Active Support Service Ltd
Child Safeguarding Policy No: 142

Purpose of this Document

This document outlines the policy of this organisation in relation to dealing with child safeguarding.  It should be linked to the agency’s main safeguarding of adult’s policy concerning definitions of abuse and its overall approach to safeguarding.  It also should be linked to the policies and procedures of the local safeguarding children’s board, which will reflect a commitment to the government’s strategy as described in its Working together to safeguard children guidance (2015).
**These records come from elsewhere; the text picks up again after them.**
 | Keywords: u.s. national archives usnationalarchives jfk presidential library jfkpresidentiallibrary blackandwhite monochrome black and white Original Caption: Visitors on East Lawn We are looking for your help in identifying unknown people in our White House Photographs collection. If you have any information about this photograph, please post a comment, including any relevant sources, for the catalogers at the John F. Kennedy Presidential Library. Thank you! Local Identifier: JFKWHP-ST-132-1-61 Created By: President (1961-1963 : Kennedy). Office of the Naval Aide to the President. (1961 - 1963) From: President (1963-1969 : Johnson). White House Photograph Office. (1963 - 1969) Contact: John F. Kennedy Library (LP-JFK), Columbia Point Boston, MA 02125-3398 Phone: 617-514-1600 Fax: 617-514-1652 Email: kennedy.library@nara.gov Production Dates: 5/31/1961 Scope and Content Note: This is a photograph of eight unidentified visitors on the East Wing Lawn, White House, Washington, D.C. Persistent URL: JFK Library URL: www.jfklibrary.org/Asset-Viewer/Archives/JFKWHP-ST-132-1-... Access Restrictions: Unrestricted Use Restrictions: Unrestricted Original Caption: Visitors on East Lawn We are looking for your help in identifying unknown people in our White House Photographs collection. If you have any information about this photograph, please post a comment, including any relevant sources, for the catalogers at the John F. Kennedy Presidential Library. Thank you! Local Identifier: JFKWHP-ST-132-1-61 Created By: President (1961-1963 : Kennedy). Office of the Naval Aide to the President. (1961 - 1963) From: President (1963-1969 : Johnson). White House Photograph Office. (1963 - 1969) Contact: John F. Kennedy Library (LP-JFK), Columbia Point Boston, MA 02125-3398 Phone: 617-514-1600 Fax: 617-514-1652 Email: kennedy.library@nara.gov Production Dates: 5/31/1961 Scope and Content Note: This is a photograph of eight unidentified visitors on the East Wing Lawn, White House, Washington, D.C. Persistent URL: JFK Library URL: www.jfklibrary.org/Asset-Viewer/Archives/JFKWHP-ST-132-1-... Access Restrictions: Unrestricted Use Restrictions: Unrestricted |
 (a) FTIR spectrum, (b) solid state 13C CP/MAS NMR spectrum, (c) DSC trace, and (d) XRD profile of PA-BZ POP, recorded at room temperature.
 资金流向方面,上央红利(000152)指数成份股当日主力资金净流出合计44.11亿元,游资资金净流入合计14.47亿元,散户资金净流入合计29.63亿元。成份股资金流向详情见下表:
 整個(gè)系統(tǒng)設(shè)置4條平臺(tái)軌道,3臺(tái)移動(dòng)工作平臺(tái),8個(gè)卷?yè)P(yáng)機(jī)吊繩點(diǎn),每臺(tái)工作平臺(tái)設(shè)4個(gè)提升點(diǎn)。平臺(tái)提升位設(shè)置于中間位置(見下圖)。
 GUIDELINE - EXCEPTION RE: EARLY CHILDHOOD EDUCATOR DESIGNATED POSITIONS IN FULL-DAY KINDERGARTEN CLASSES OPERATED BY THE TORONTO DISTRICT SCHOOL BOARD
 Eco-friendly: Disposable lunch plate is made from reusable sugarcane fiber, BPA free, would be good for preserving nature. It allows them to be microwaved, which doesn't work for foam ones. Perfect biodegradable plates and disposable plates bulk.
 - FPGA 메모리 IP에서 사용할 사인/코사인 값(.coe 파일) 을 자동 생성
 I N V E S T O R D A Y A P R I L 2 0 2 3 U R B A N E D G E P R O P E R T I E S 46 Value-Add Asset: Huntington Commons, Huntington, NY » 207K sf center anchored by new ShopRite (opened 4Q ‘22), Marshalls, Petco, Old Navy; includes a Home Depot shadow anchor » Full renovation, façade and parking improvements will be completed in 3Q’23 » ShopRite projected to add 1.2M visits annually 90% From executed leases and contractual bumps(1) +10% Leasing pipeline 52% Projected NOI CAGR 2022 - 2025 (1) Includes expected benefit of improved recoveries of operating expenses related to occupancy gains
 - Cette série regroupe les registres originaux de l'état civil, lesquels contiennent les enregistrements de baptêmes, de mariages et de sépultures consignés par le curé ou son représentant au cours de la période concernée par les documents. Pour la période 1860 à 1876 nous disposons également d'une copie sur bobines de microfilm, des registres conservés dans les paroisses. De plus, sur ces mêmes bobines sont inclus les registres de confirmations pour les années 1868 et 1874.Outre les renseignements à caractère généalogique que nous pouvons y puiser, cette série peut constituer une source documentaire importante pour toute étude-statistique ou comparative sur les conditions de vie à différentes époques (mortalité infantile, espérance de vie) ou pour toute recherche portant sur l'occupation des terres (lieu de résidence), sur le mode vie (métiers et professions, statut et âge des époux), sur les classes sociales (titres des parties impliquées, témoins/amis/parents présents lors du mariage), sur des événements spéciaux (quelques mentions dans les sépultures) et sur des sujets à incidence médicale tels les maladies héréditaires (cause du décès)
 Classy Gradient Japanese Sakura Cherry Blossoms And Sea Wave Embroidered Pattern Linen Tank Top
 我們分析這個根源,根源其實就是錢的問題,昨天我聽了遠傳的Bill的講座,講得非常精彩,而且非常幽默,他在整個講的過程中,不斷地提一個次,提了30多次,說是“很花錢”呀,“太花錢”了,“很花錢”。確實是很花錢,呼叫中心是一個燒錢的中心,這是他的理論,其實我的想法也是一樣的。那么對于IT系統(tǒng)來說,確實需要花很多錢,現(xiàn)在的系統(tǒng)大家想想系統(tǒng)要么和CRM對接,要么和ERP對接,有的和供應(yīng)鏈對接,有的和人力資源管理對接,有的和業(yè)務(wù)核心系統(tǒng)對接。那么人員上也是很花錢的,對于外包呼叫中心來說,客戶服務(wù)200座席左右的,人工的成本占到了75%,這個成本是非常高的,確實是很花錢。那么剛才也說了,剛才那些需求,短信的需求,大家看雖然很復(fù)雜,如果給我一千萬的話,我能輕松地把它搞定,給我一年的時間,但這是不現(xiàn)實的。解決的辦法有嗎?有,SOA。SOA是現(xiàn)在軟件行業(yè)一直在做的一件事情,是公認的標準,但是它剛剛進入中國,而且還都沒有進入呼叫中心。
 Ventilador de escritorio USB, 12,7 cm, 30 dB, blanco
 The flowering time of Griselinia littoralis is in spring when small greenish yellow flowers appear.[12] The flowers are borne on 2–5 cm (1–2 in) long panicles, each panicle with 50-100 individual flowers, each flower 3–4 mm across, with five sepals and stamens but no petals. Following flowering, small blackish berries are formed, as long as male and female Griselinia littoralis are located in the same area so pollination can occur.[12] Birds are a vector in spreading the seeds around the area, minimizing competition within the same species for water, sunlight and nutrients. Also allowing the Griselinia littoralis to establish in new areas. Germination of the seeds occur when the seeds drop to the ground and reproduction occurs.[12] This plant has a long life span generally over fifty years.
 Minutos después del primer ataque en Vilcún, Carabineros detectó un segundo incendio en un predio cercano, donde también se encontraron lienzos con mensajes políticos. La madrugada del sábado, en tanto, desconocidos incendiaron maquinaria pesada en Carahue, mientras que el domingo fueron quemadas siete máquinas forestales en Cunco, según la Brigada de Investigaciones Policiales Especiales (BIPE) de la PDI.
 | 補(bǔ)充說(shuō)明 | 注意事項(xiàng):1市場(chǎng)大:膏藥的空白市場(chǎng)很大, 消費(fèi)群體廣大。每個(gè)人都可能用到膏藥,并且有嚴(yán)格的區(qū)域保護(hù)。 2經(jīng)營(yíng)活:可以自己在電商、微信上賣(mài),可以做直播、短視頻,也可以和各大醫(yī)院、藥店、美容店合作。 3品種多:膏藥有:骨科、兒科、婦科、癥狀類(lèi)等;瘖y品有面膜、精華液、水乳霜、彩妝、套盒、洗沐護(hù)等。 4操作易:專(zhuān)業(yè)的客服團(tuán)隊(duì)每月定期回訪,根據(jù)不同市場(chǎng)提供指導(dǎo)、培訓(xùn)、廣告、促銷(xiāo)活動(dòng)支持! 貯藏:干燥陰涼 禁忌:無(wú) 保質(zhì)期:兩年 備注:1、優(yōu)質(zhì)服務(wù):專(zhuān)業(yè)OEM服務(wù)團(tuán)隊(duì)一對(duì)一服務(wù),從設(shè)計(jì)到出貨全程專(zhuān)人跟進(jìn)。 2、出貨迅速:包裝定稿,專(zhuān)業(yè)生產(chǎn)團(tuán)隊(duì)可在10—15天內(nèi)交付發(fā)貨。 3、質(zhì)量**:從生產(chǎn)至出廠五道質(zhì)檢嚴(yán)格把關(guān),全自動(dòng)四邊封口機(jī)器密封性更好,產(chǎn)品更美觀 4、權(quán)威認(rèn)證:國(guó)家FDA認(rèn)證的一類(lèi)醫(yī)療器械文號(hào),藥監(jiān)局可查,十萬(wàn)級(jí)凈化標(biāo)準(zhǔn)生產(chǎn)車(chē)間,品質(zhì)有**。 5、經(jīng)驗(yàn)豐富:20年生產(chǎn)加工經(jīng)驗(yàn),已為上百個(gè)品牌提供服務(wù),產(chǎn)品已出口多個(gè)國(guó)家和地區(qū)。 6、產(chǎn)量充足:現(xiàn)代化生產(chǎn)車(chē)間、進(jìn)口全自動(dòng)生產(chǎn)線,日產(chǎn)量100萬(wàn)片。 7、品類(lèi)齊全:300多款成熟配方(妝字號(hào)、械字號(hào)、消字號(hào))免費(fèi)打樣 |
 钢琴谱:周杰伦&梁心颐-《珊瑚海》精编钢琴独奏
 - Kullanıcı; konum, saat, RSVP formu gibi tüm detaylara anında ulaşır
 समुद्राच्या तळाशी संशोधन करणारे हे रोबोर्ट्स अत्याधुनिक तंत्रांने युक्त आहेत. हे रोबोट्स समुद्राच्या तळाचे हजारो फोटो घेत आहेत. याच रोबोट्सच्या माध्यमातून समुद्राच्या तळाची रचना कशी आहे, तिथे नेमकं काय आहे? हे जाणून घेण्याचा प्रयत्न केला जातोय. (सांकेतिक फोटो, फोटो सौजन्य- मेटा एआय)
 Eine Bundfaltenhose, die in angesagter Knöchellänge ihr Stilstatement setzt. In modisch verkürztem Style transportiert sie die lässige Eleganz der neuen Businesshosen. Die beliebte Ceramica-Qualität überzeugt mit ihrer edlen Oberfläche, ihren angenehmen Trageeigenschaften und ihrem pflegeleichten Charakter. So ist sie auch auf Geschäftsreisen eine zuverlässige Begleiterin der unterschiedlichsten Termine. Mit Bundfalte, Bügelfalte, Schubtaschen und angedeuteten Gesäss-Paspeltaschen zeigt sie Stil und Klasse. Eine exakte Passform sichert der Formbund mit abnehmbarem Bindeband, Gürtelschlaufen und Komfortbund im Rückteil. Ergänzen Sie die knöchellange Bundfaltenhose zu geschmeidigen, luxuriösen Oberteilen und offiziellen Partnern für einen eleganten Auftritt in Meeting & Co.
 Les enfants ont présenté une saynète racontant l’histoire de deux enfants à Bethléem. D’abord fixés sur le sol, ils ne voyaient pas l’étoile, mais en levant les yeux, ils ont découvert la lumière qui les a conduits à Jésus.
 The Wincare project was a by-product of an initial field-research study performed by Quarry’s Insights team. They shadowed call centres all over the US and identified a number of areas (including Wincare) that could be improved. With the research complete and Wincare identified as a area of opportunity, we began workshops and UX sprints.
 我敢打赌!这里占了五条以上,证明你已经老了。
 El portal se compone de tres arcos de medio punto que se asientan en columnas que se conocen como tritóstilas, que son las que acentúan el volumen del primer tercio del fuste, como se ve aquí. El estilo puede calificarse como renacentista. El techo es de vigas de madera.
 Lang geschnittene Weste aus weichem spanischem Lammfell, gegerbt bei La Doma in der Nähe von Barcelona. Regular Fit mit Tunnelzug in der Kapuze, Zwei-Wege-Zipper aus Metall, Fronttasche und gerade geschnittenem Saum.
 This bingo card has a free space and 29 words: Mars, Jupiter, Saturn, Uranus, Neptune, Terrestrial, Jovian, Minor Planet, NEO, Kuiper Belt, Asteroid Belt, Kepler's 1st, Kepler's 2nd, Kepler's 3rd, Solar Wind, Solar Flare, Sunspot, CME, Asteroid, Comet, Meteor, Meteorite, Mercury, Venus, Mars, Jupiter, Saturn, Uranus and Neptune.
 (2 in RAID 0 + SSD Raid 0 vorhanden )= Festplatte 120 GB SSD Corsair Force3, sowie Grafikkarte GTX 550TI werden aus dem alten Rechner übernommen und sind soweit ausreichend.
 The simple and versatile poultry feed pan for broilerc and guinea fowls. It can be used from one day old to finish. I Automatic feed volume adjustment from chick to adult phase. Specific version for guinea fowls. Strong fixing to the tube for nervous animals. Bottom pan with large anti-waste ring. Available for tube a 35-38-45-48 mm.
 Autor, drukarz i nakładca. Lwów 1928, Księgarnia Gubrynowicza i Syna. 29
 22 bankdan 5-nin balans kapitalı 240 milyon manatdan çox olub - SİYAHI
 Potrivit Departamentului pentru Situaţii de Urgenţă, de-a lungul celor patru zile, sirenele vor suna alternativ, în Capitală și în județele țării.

This document is based on the conviction that:

1.      the children we encounter in the course of providing services may be at risk of abuse or harm in various forms

2.      abuse may be committed by the staff of agencies providing care or by others who are in a trusting relationship with a child

3.      our agency has a duty to do everything possible to prevent, report and tackle abuse wherever we encounter it.


Recognising abuse
It is the duty of all members of staff to be vigilant regarding the welfare of children with whom we have contact in the course of providing services.  Staff likely to be in contact with children and their families will be trained to recognise the signs of abuse when they occur and to respond in accordance with national and local child protection policies and procedures.

Reporting abuse
Any member of staff who knows or believes that abuse of a child is occurring has an obligation to report it as quickly as possible to their manager.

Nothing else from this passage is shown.